Acquaintances and strangers:

How many people must there be at a party, such that there is either a group of 5 people, all of whom already know all of the others in the group of 5, or a group of 5 people, none of whom already know any of the others in the group of 5?

Related unsolved problem:

This is the Ramsey number R(5, 5). All we know is that $43 \leq R(5, 5) \leq 48$.

  • It seems deceptively simple. Do you know of a source that explains a little bit of the computational difficulty? – hkBst Aug 21 at 15:08
  • +1 This is a good one. – hexomino Aug 21 at 15:10
  • @hkBst The difficulty is that the most obvious computational check would be to take every possible pattern of $n$ people knowing/not knowing each other for $n\in\{43, \dots, 48\}$ and check whether it has the required structure. But there are $2^{n(n-1)/2}$ possible patterns for each $n$, which is an infeasibly big number, even if you're a little smarter and factor in permutations of the people. – David Richerby Aug 22 at 12:37
  • @DavidRicherby You wouldn't have to take every n, just go until one doesn't work. – Acccumulation Aug 22 at 21:43

I decided to rephrase Christopher's answer to make it sound less "mathematical" and more "puzzle-like".

Same exact puzzle, same exact open problem.

I'm throwing a party! But how many people can I invite?

All of the people I'm planning on inviting are currently strangers to each other. However, I can introduce people to each other before the party. (And they're rather lazy and introverted, so they're never going to bother introducing themselves to each other.) This means that by the time the party comes around, I can control exactly which pairs of people are friends, and which pairs are strangers to each other.

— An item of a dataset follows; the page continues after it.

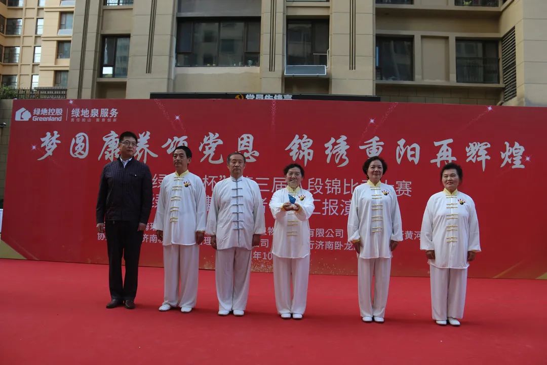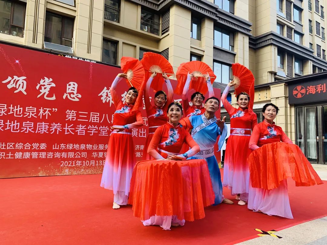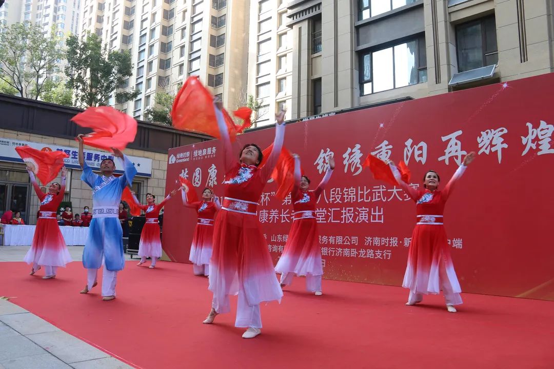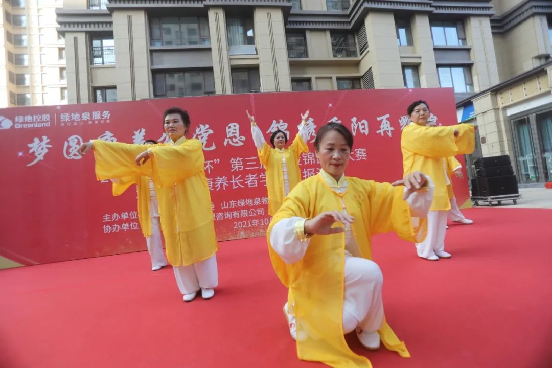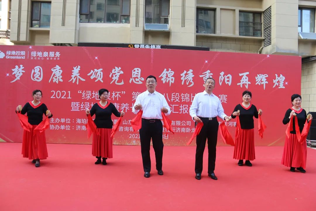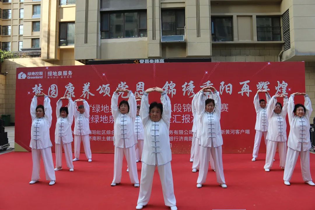 为了弘扬中国优秀传统文化,进一步推进新时代文明实践,展现绿地泉服务社区康养长者风采,2021年10月13日下午,由山东绿地泉物业服务有限公司(以下简称绿地泉服务)、七里山街道海珀社区综合党委、济南时报·新黄河客户端主办,济南积土健康管理咨询有限公司、华夏银行济南卧龙路支行协办的“梦圆康养颂党恩,锦绣重阳再辉煌”——2021“绿地泉杯”第三届八段锦比武大赛暨绿地泉康养学堂汇报演出在海珀天沅盛大举行。

But there's a potential problem. If I invite too many people, it will certainly result in disaster!

You see, if there are any 5 people at the party who all know each other, then they will leave and start their own party. I can't let that happen!

Likewise, if there are any 5 people at the party who are all strangers to each other, then those people will all feel isolated and go home. I can't let that happen, either.

What's the greatest number of people I can possibly invite to the party without either of these two disasters occurring?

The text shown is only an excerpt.